Let’s start with some required reading, from @TimHwang and @AdiKamdar:

peakadvertising

About the peak:

Worryingly, advertising is not well. Though companies supported by advertising still dominate the landscape and capture the popular imagination, cracks are beginning to appear in the very financial foundations of the web. Despite the best efforts of an industry, advertising is becoming less and less effective online. The once reliable fuel that powered a generation of innovations on the web is slowly, but perceptibly beginning to falter.

And the theory:

The theory of Peak Advertising relies on a simple proposition: online advertising will continuously decline in effectiveness going into the future, to the extent that it makes existing models unsustainable.This will, in turn, eventually force a broad transition in the financial models supporting the web. There are a few reasons to believe that this will be the case.

First, the changing demographics of web users do not favor advertising…

Second, ad blocking is increasingly ubiquitous…

Third, click fraud remains a severe and growing problem…

Finally, ever escalating advertising density may itself erode effectiveness.

The Theory of Peak Advertising is a working paper, so I’ll volunteer some additional sources.

First is Don Marti‘s corpus of writing about business, and advertising in particular. (For the latest, watch Part I and Part II of Don’s interview with Slashdot on “Why Targeted Ads Don’t Work.” There’s a transcript in Part II.)

Second is The Intention Economy: When Customers Take Charge (Harvard Business Review Press, 2012), which contains a chapter titled “The Advertising Bubble,” to which Don contributed some valuable research, digging deep into Harvard’s world-record-size collection of scholarly works. Here’s an excerpt:

Advertimania
The etymologist Douglas Harper calls mania “mental derangement characterized by excitement and delusion,” adding that it has been used in the “sense of ‘fad, craze’” since the 1680s and since the 1500s “as the second element in compounds expressing particular types of madness (cf. nymphomania, 1775; kleptomania, 1830; megalomania, 1890).”

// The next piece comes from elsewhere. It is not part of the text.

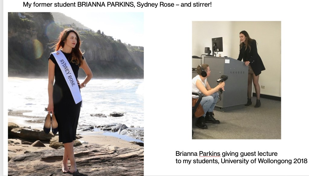 I’m teaching Journalism at the University of Wollongong, where I have a promising student called Brianna Parkins. Bri and I bonded in a kind of tough love way over journalism, feminism and Irishness. She was edgy and fun – and pretty radical.

We have that in advertising, so in a blog post I volunteered advertimania to Harper’s lexicon. Let’s unpack it here:

  • An overly generous infusion of liquidity, in the form of venture capital. This capital is invested both in companies that expect to make money through advertising, and in advertising for those companies and others. This was rampant in the dot-com boom, and is again today.
  • Faith in endless growth for advertising, and in its boundless capacity to fund free services to users.
  • Herd mentality—around advertising itself, and in faith that “social” media, supported by advertising as a business model, will persist and grow indefinitely. (And the herd is large too.)
  • Huge increase in trading. This is happening with user data bought and sold in back-end markets, employing the same kind of “quants” who worked on Wall Street during the housing bubble.
  • Low quality of personal information, despite the claims of companies specializing in personalization.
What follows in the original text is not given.